The study, conducted by Abt Associates senior analyst Hannah Thomas, found that the sales practices favored by mortgage servicers generally favor investor-buyers. Those buyers are generally in better shape to absord the risk of a foreclosure sale.
However, the study found that those practices could lead to higher property vacancy rates. Higher vacancy rates lead to declining property value, which in turn can lead to increases in criminal activity.

“Preserving community assets is a critical component in maintaining and improving neighborhood quality of life,” Thomas said. “There are a few simple steps we can take to ensure that our housing credit and foreclosure systems work toward building neighborhoods up rather than tearing them apart.”

According to the study, because the majority of home loans are serviced by just a few large companies, those companies tend to have a “one-size-fits-all” strategy when dealing with delinquent homeowners. As a result, foreclosed properties sell lower and have a higher vacancy risk.

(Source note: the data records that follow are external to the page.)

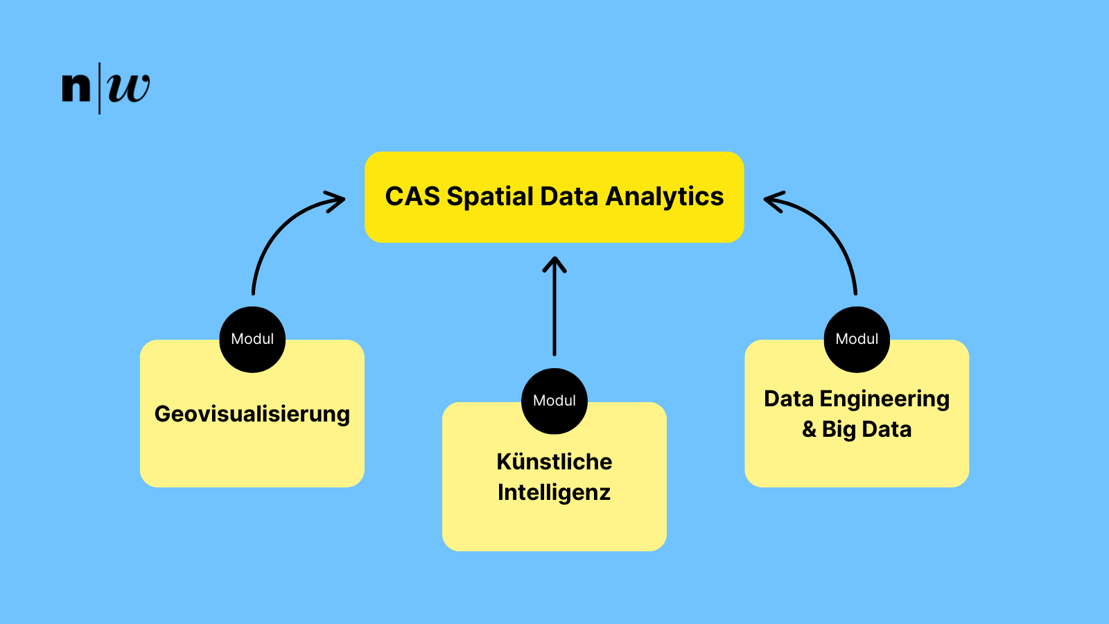 - Modul Data Engineering & Big Data: Datenaufbereitung, Integration und Automatisierung von Geodatenprozessen. Big Data: Umgang mit grossen, komplexen Datenmengen und deren Aufbereitung für aussagekräftige Analysen.
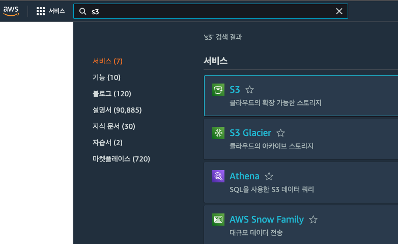 역시나 AWS 콘솔에서 s3를 검색 합니다.
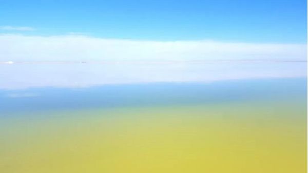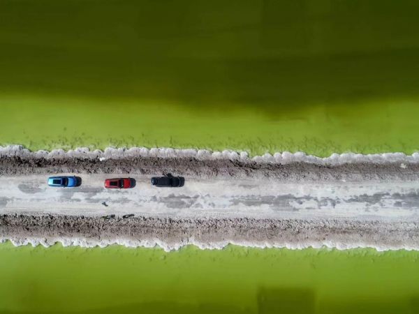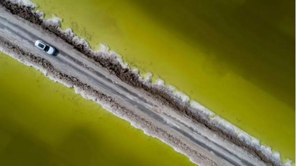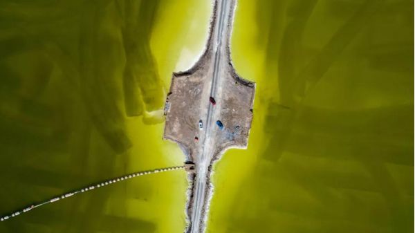 這座“鹽橋”,旁無護欄,下無橋墩,也無流水,從空中看,就像是直接橫叉在湖面上,它將鹽湖從中間劈成兩半,似乎沿著這條路走下去,就能達到神仙的住所。
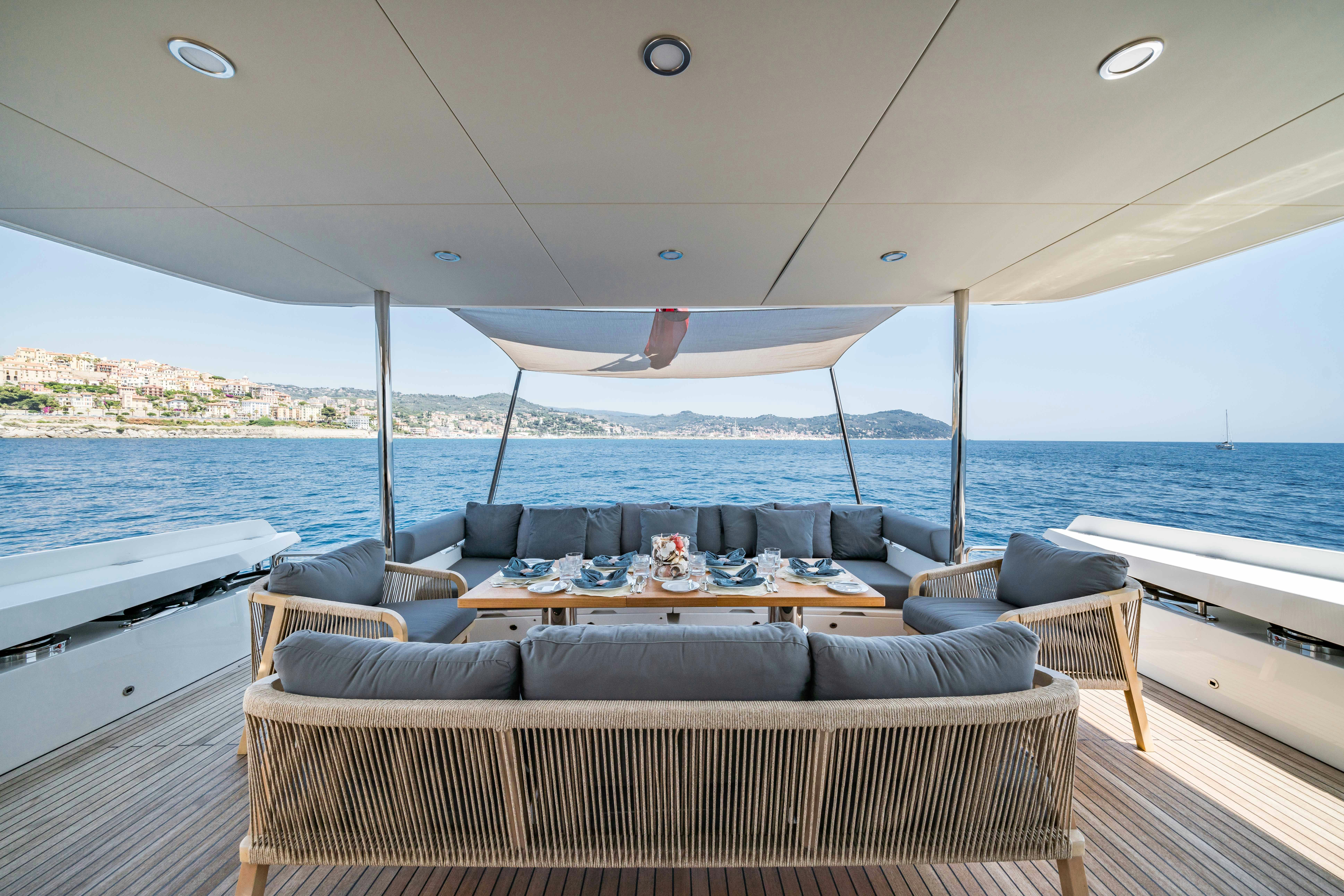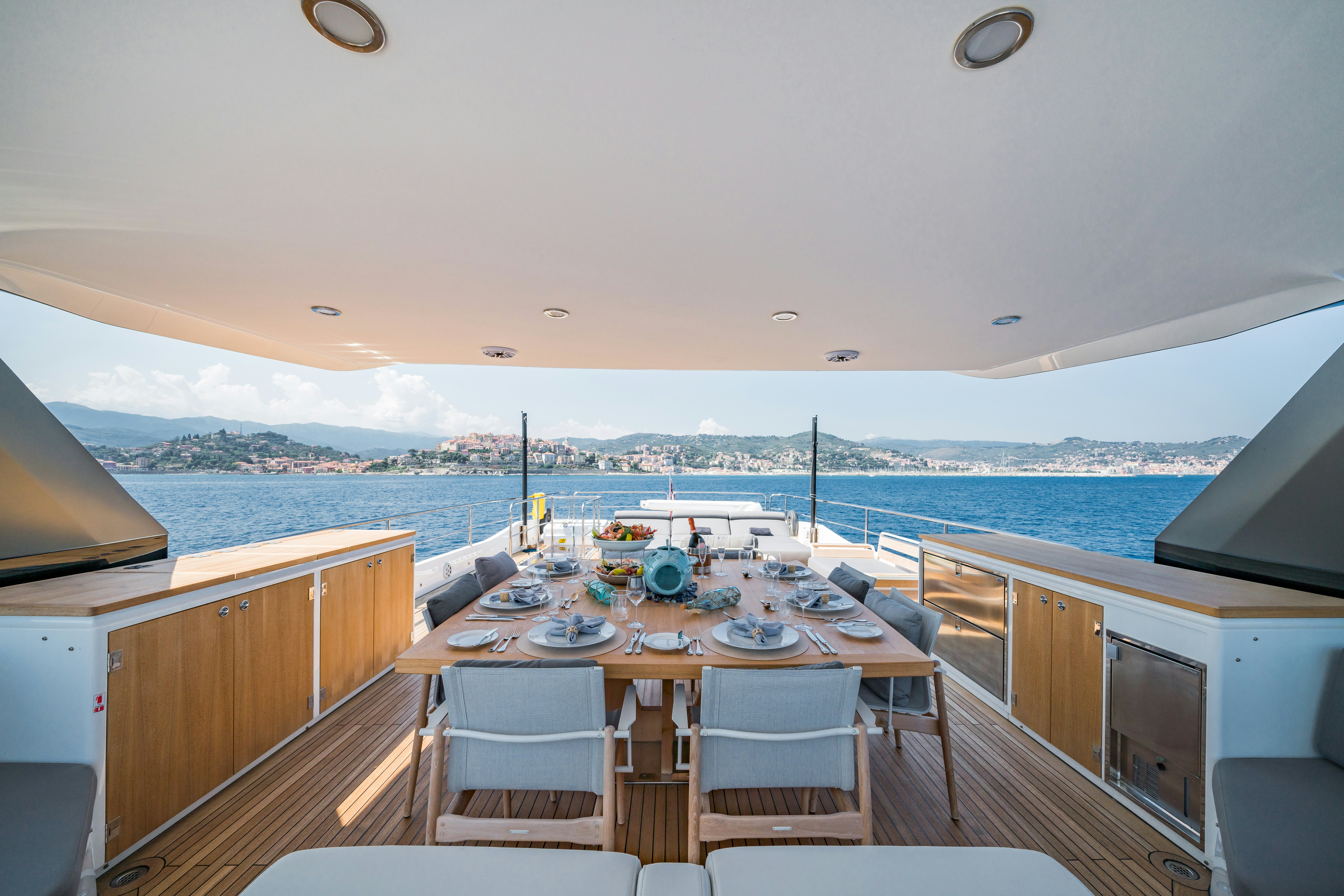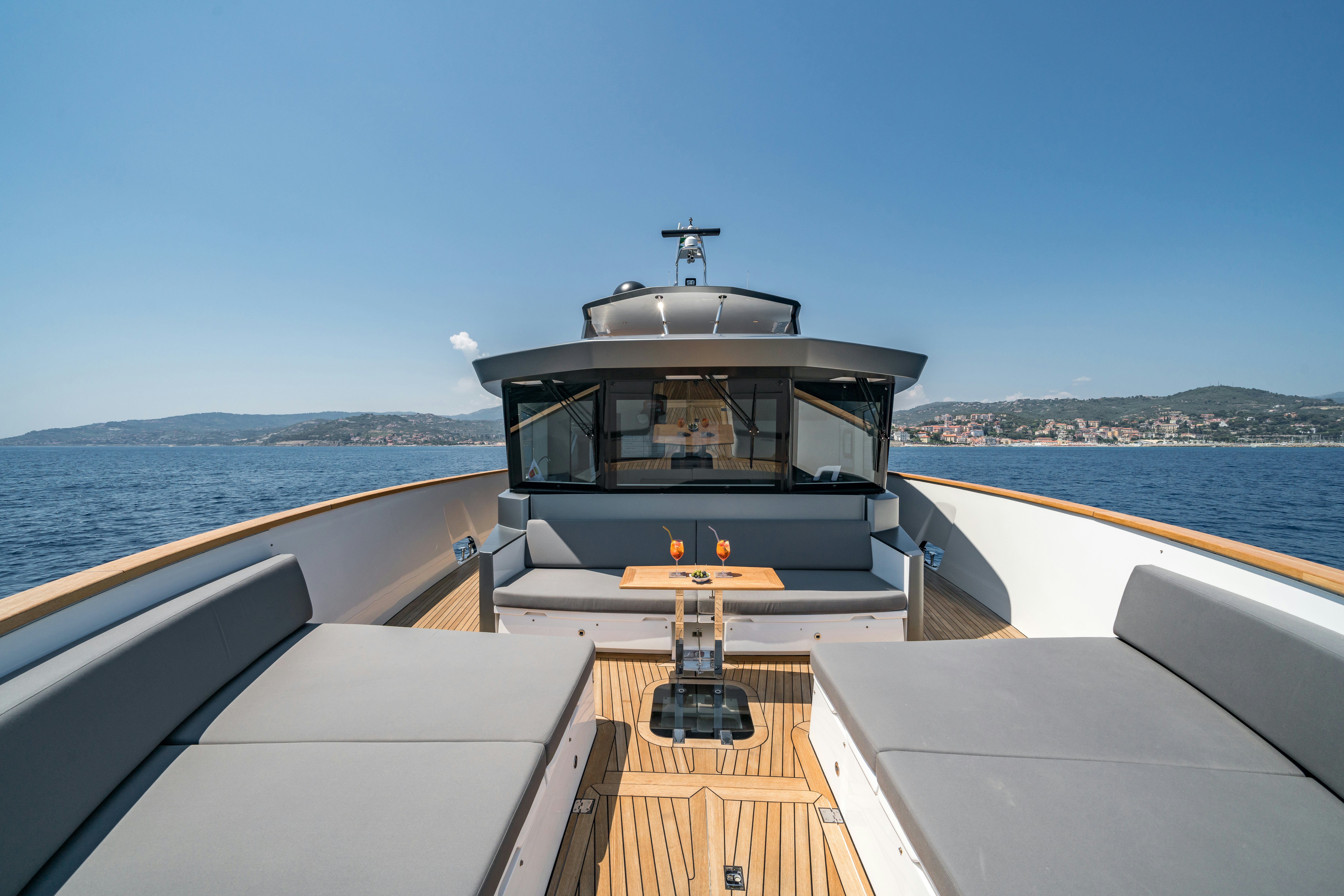 Boarding from the aft deck, guests will find comfortable seating for eight and adjustable tables that can be raised or lowered depending on their needs. The aft deck also boasts a small bar with a fridge, perfect for refreshing drinks on hot summer days. From here, guests can step inside the main salon, which features a large sofa that easily seats six people and a dining table that comfortably accommodates eight guests. The salon is flooded with natural light thanks to floor-to-ceiling windows, providing breathtaking views of the surrounding scenery.

Thomas made two policy recommendations to address the issue:
  • Working with homeowners to help them find mortgages they can afford and allowing them to re-purchase their foreclosed homes at current market value
  • Creating a real estate network that would connect underwater homeowenrs to buyers who are ready to close
Taking those steps, she said, could help prevent delinquent homes from becoming lender-owned.